**INSTRUCTIONS FOR THE TASK:**
Each record must be returned exactly, apart from the pictures, which stay out.

**MATERIAL FOR THIS TASK:**
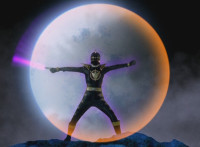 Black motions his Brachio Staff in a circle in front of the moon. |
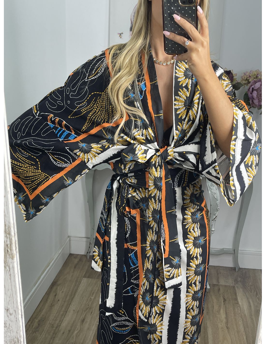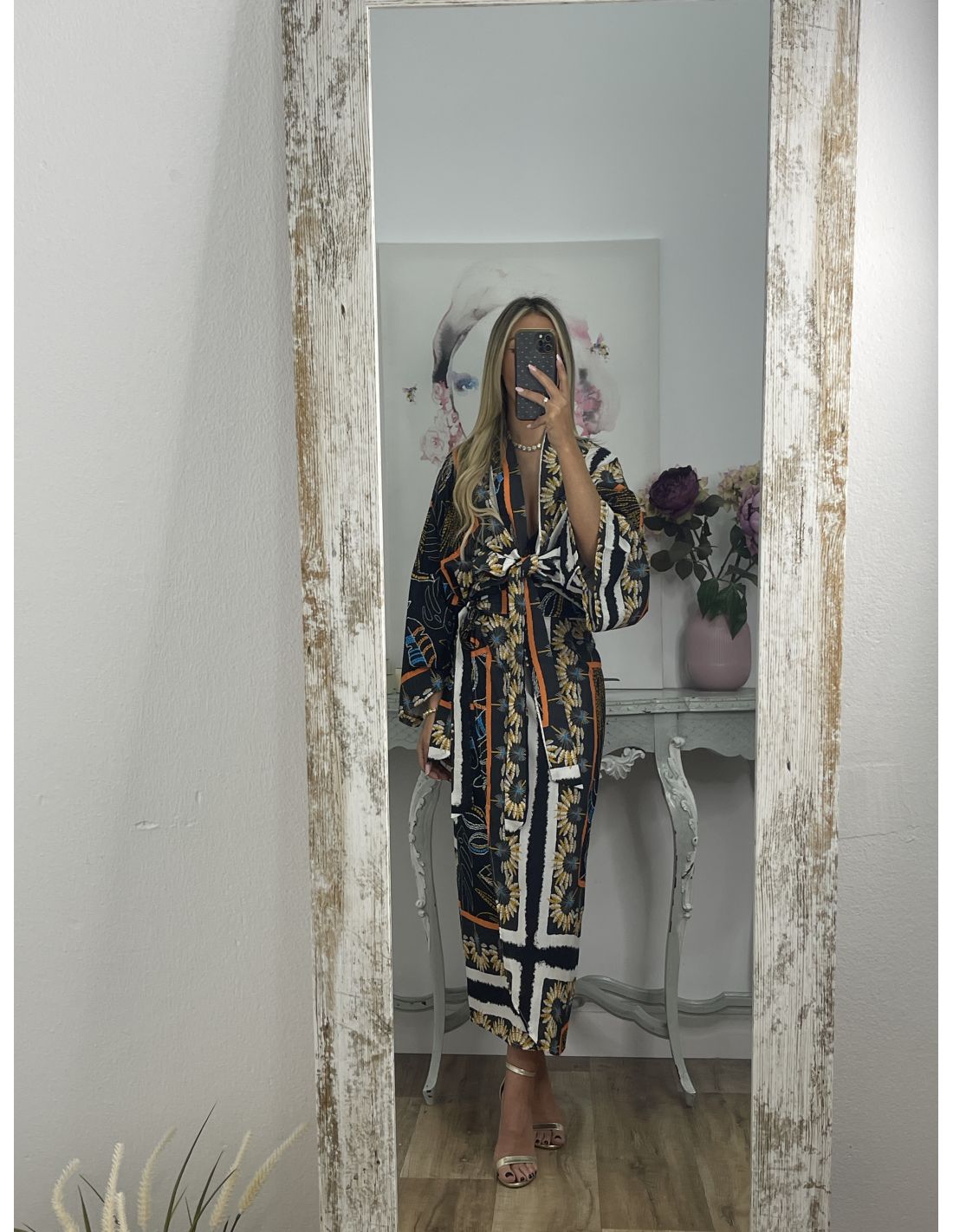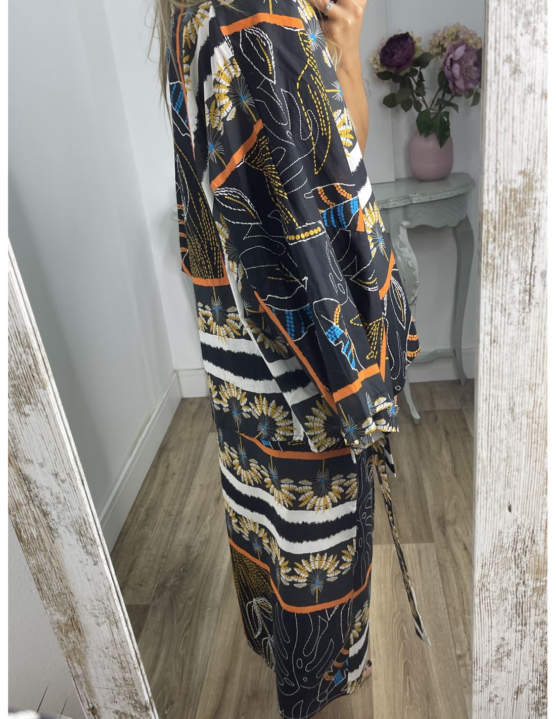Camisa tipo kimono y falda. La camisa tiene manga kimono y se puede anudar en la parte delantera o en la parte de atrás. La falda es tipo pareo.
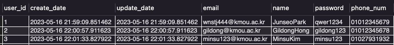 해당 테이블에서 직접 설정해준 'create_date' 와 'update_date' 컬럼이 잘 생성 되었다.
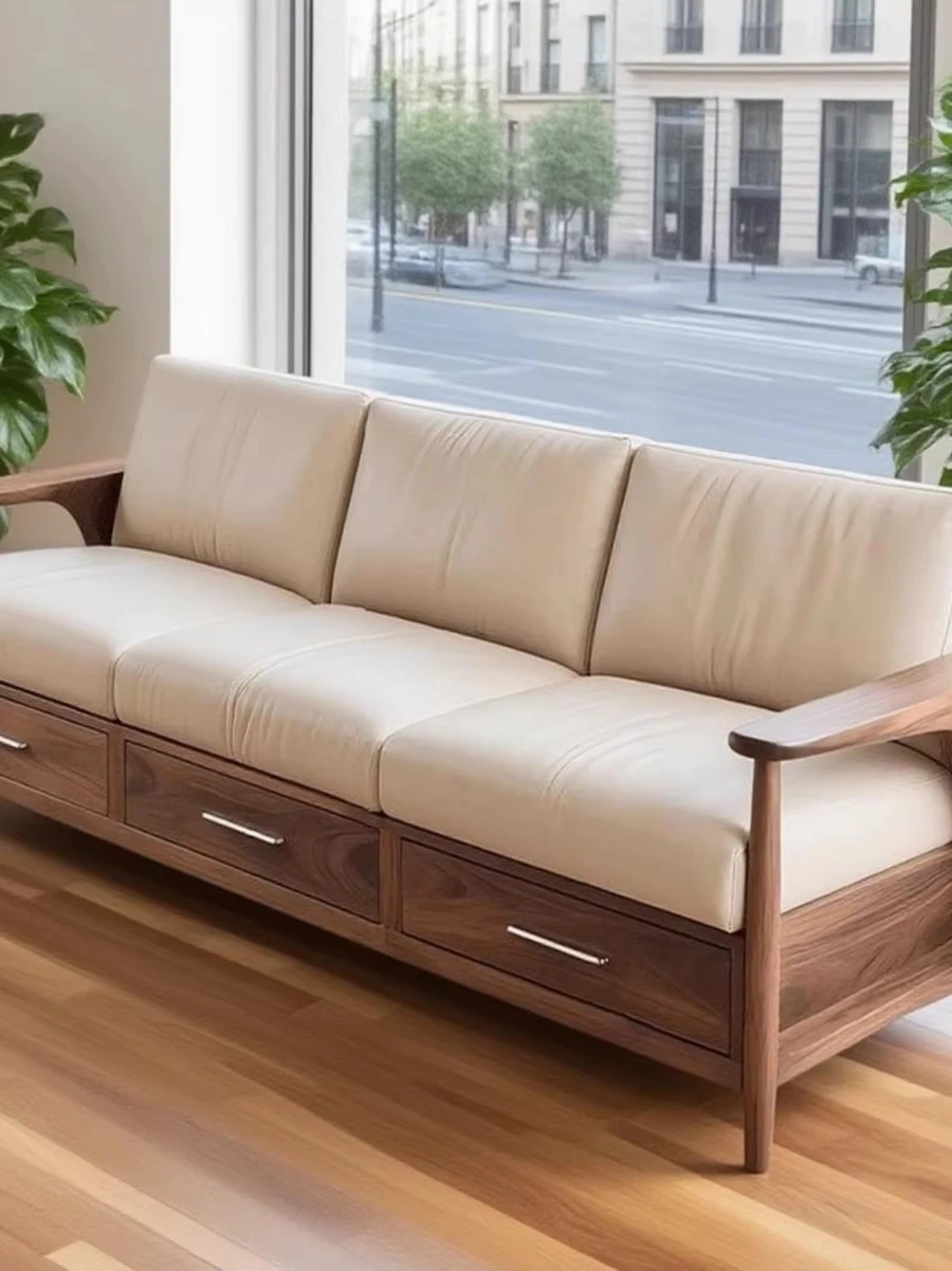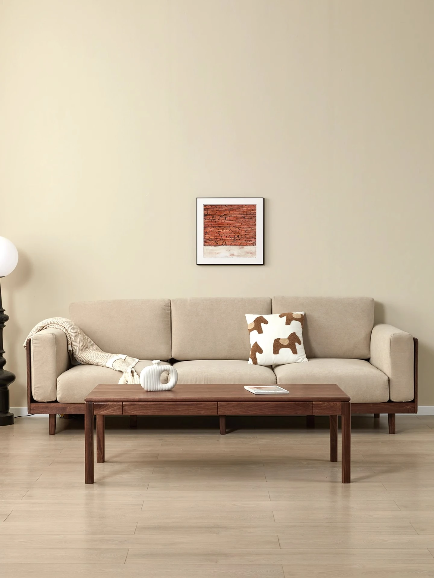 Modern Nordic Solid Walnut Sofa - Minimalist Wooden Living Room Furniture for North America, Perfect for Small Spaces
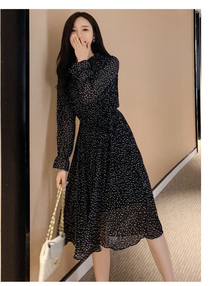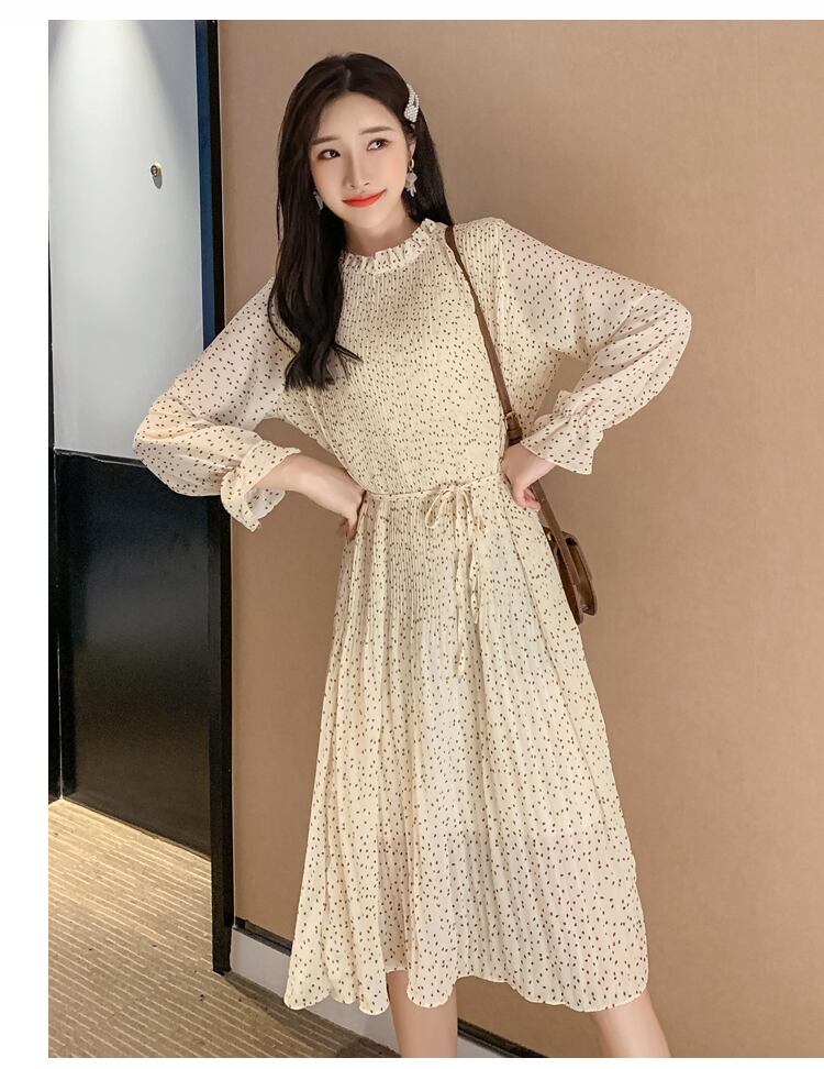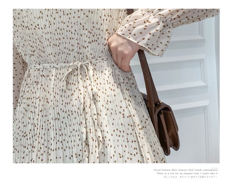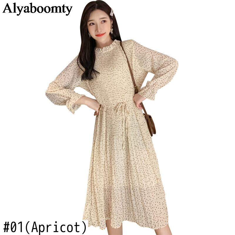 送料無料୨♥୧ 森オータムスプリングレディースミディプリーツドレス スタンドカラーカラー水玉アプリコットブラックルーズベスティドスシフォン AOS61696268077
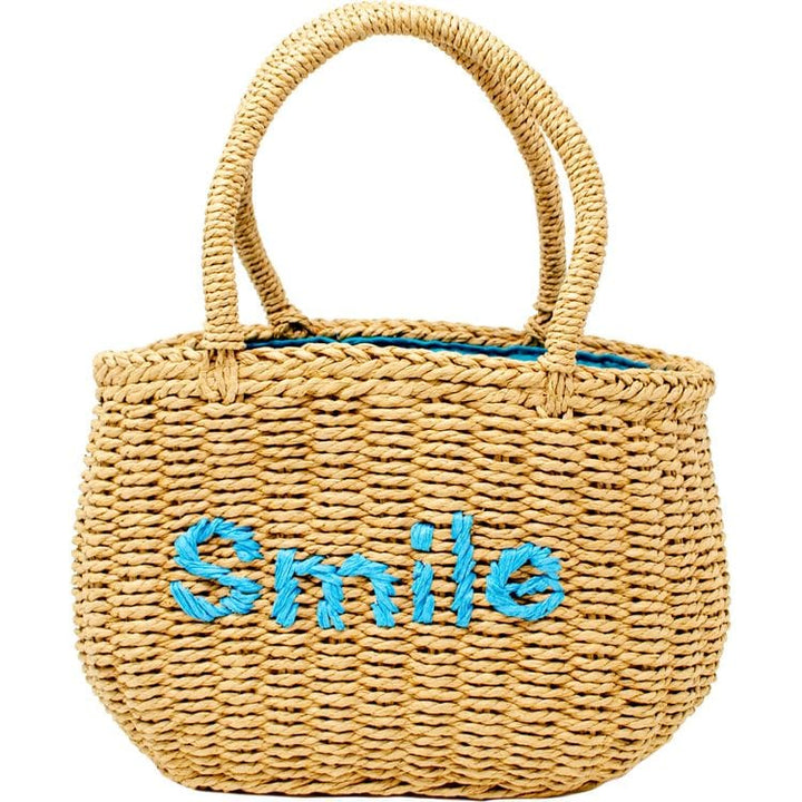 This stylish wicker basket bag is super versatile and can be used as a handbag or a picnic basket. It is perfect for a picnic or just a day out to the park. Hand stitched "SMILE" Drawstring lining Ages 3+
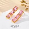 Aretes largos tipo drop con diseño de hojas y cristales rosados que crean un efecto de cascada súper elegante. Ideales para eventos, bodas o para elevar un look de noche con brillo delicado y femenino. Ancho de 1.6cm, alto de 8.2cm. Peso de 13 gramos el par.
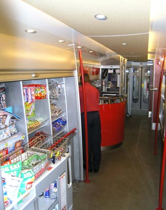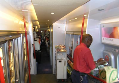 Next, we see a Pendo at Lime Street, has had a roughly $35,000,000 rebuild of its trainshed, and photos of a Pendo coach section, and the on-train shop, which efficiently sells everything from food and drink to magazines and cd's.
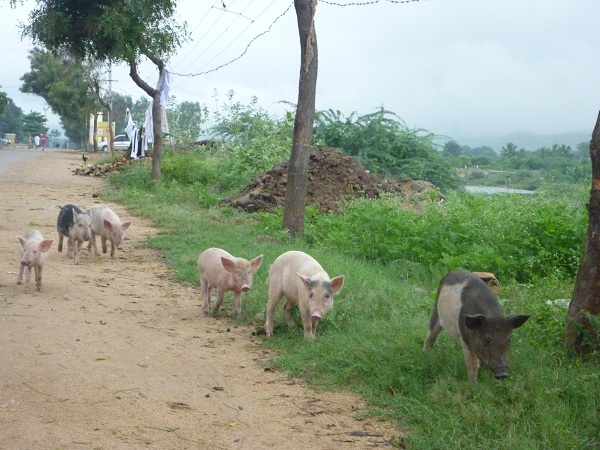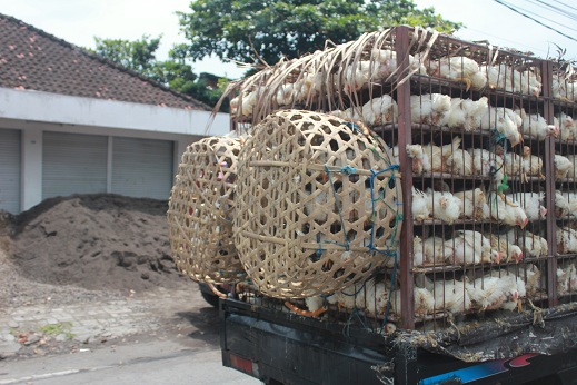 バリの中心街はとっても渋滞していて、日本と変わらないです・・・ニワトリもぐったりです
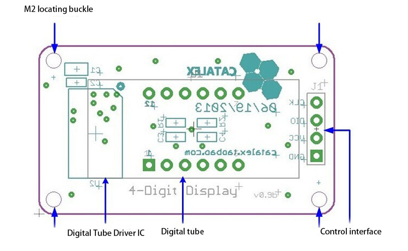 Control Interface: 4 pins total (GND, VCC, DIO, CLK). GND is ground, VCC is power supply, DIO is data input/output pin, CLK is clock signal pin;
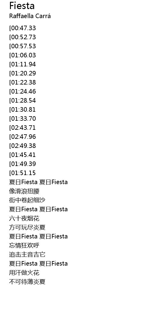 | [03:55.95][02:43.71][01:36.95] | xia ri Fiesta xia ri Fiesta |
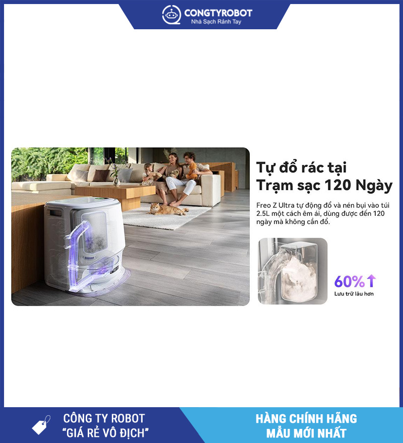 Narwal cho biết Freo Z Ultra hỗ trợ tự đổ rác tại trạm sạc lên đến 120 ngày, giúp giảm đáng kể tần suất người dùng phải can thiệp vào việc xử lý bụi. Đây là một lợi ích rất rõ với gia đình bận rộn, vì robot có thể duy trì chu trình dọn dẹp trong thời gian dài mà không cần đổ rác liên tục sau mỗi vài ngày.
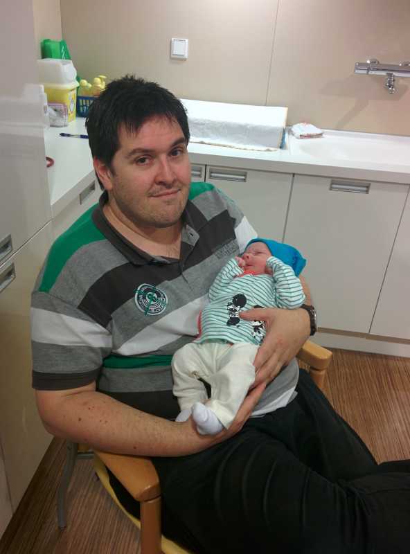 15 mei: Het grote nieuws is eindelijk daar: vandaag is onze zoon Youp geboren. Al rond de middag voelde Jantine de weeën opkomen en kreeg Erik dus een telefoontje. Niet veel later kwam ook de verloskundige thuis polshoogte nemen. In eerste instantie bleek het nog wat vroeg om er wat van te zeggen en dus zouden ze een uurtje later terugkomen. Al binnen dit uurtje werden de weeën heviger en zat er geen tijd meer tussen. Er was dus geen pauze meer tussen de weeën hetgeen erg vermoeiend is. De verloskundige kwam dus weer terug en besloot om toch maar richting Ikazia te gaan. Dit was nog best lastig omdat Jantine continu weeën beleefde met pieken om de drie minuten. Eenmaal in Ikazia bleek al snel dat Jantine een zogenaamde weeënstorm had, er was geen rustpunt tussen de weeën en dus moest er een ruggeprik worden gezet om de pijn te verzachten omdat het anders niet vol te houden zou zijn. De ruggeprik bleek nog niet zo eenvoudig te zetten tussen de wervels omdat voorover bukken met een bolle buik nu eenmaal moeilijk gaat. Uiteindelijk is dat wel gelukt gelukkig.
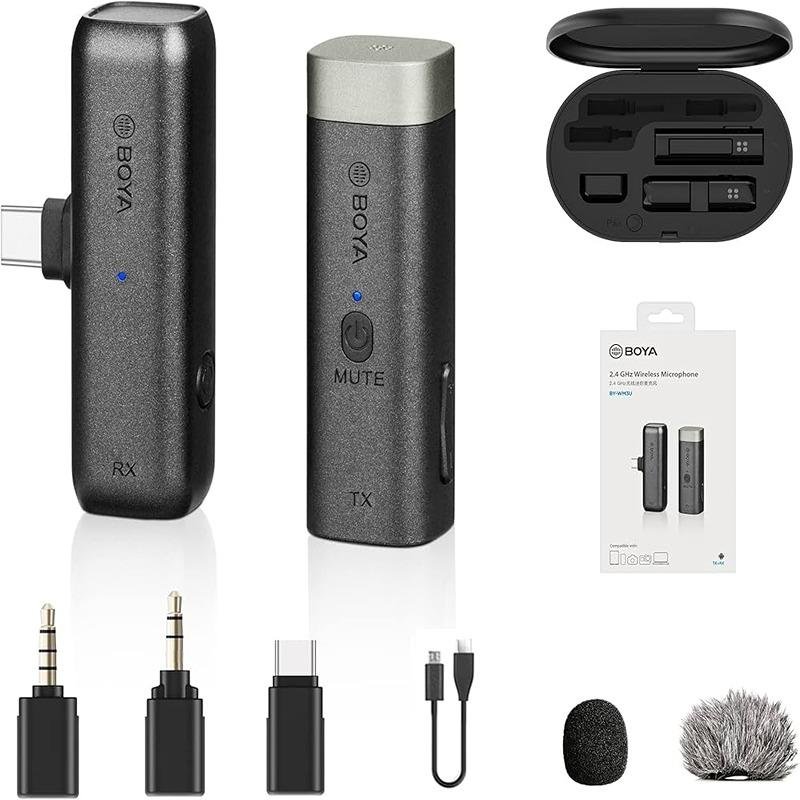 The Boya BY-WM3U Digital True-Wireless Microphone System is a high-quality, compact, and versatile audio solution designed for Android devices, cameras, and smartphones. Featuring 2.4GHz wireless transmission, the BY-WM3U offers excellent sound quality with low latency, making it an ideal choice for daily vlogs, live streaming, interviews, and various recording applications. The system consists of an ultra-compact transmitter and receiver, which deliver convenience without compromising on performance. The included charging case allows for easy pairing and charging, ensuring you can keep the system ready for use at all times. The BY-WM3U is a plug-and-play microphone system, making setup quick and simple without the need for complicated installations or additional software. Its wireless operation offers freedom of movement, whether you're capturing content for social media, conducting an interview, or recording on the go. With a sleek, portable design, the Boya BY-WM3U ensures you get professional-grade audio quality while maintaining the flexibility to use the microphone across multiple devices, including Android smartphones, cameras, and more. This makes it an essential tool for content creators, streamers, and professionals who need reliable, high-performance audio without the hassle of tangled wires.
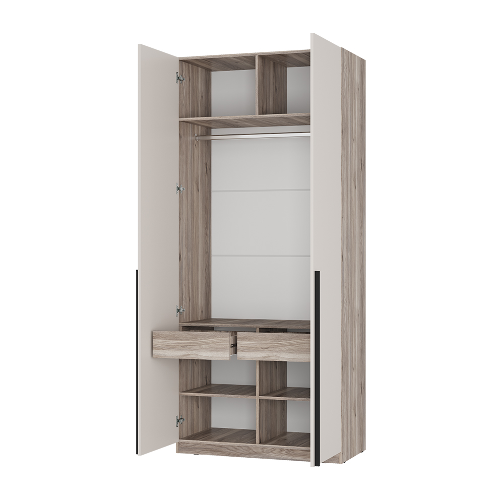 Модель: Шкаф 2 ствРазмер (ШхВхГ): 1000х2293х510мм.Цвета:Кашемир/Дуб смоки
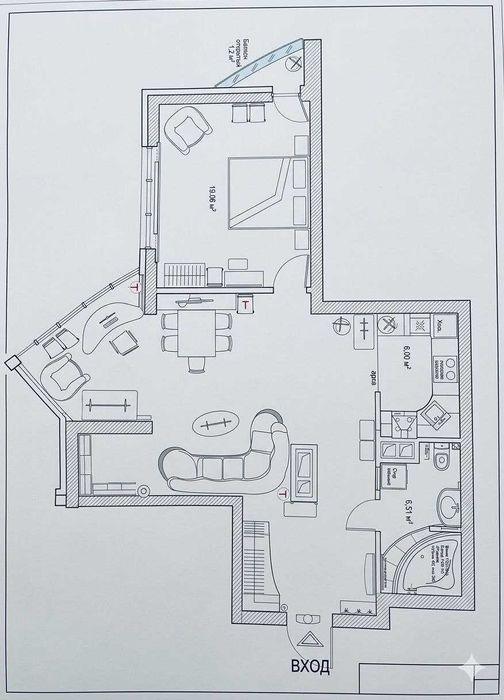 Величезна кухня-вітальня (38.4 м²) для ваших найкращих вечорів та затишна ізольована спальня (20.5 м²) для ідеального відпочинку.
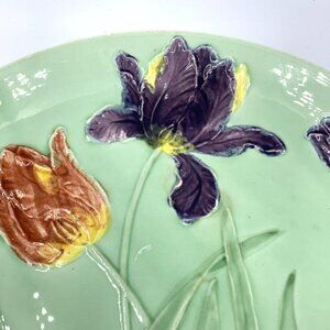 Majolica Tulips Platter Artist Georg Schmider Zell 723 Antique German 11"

**OUTPUT FOR THIS EXERCISE:**
 Black motions his Brachio Staff in a circle in front of the moon. |
Camisa tipo kimono y falda. La camisa tiene manga kimono y se puede anudar en la parte delantera o en la parte de atrás. La falda es tipo pareo.
 해당 테이블에서 직접 설정해준 'create_date' 와 'update_date' 컬럼이 잘 생성 되었다.
 Modern Nordic Solid Walnut Sofa - Minimalist Wooden Living Room Furniture for North America, Perfect for Small Spaces
 送料無料୨♥୧ 森オータムスプリングレディースミディプリーツドレス スタンドカラーカラー水玉アプリコットブラックルーズベスティドスシフォン AOS61696268077
 This stylish wicker basket bag is super versatile and can be used as a handbag or a picnic basket. It is perfect for a picnic or just a day out to the park. Hand stitched "SMILE" Drawstring lining Ages 3+
 Aretes largos tipo drop con diseño de hojas y cristales rosados que crean un efecto de cascada súper elegante. Ideales para eventos, bodas o para elevar un look de noche con brillo delicado y femenino. Ancho de 1.6cm, alto de 8.2cm. Peso de 13 gramos el par.
 Next, we see a Pendo at Lime Street, has had a roughly $35,000,000 rebuild of its trainshed, and photos of a Pendo coach section, and the on-train shop, which efficiently sells everything from food and drink to magazines and cd's.
 バリの中心街はとっても渋滞していて、日本と変わらないです・・・ニワトリもぐったりです
 Control Interface: 4 pins total (GND, VCC, DIO, CLK). GND is ground, VCC is power supply, DIO is data input/output pin, CLK is clock signal pin;
 | [03:55.95][02:43.71][01:36.95] | xia ri Fiesta xia ri Fiesta |
 Narwal cho biết Freo Z Ultra hỗ trợ tự đổ rác tại trạm sạc lên đến 120 ngày, giúp giảm đáng kể tần suất người dùng phải can thiệp vào việc xử lý bụi. Đây là một lợi ích rất rõ với gia đình bận rộn, vì robot có thể duy trì chu trình dọn dẹp trong thời gian dài mà không cần đổ rác liên tục sau mỗi vài ngày.
 15 mei: Het grote nieuws is eindelijk daar: vandaag is onze zoon Youp geboren. Al rond de middag voelde Jantine de weeën opkomen en kreeg Erik dus een telefoontje. Niet veel later kwam ook de verloskundige thuis polshoogte nemen. In eerste instantie bleek het nog wat vroeg om er wat van te zeggen en dus zouden ze een uurtje later terugkomen. Al binnen dit uurtje werden de weeën heviger en zat er geen tijd meer tussen. Er was dus geen pauze meer tussen de weeën hetgeen erg vermoeiend is. De verloskundige kwam dus weer terug en besloot om toch maar richting Ikazia te gaan. Dit was nog best lastig omdat Jantine continu weeën beleefde met pieken om de drie minuten. Eenmaal in Ikazia bleek al snel dat Jantine een zogenaamde weeënstorm had, er was geen rustpunt tussen de weeën en dus moest er een ruggeprik worden gezet om de pijn te verzachten omdat het anders niet vol te houden zou zijn. De ruggeprik bleek nog niet zo eenvoudig te zetten tussen de wervels omdat voorover bukken met een bolle buik nu eenmaal moeilijk gaat. Uiteindelijk is dat wel gelukt gelukkig.
 The Boya BY-WM3U Digital True-Wireless Microphone System is a high-quality, compact, and versatile audio solution designed for Android devices, cameras, and smartphones. Featuring 2.4GHz wireless transmission, the BY-WM3U offers excellent sound quality with low latency, making it an ideal choice for daily vlogs, live streaming, interviews, and various recording applications. The system consists of an ultra-compact transmitter and receiver, which deliver convenience without compromising on performance. The included charging case allows for easy pairing and charging, ensuring you can keep the system ready for use at all times. The BY-WM3U is a plug-and-play microphone system, making setup quick and simple without the need for complicated installations or additional software. Its wireless operation offers freedom of movement, whether you're capturing content for social media, conducting an interview, or recording on the go. With a sleek, portable design, the Boya BY-WM3U ensures you get professional-grade audio quality while maintaining the flexibility to use the microphone across multiple devices, including Android smartphones, cameras, and more. This makes it an essential tool for content creators, streamers, and professionals who need reliable, high-performance audio without the hassle of tangled wires.
 Модель: Шкаф 2 ствРазмер (ШхВхГ): 1000х2293х510мм.Цвета:Кашемир/Дуб смоки
 Величезна кухня-вітальня (38.4 м²) для ваших найкращих вечорів та затишна ізольована спальня (20.5 м²) для ідеального відпочинку.
 Majolica Tulips Platter Artist Georg Schmider Zell 723 Antique German 11"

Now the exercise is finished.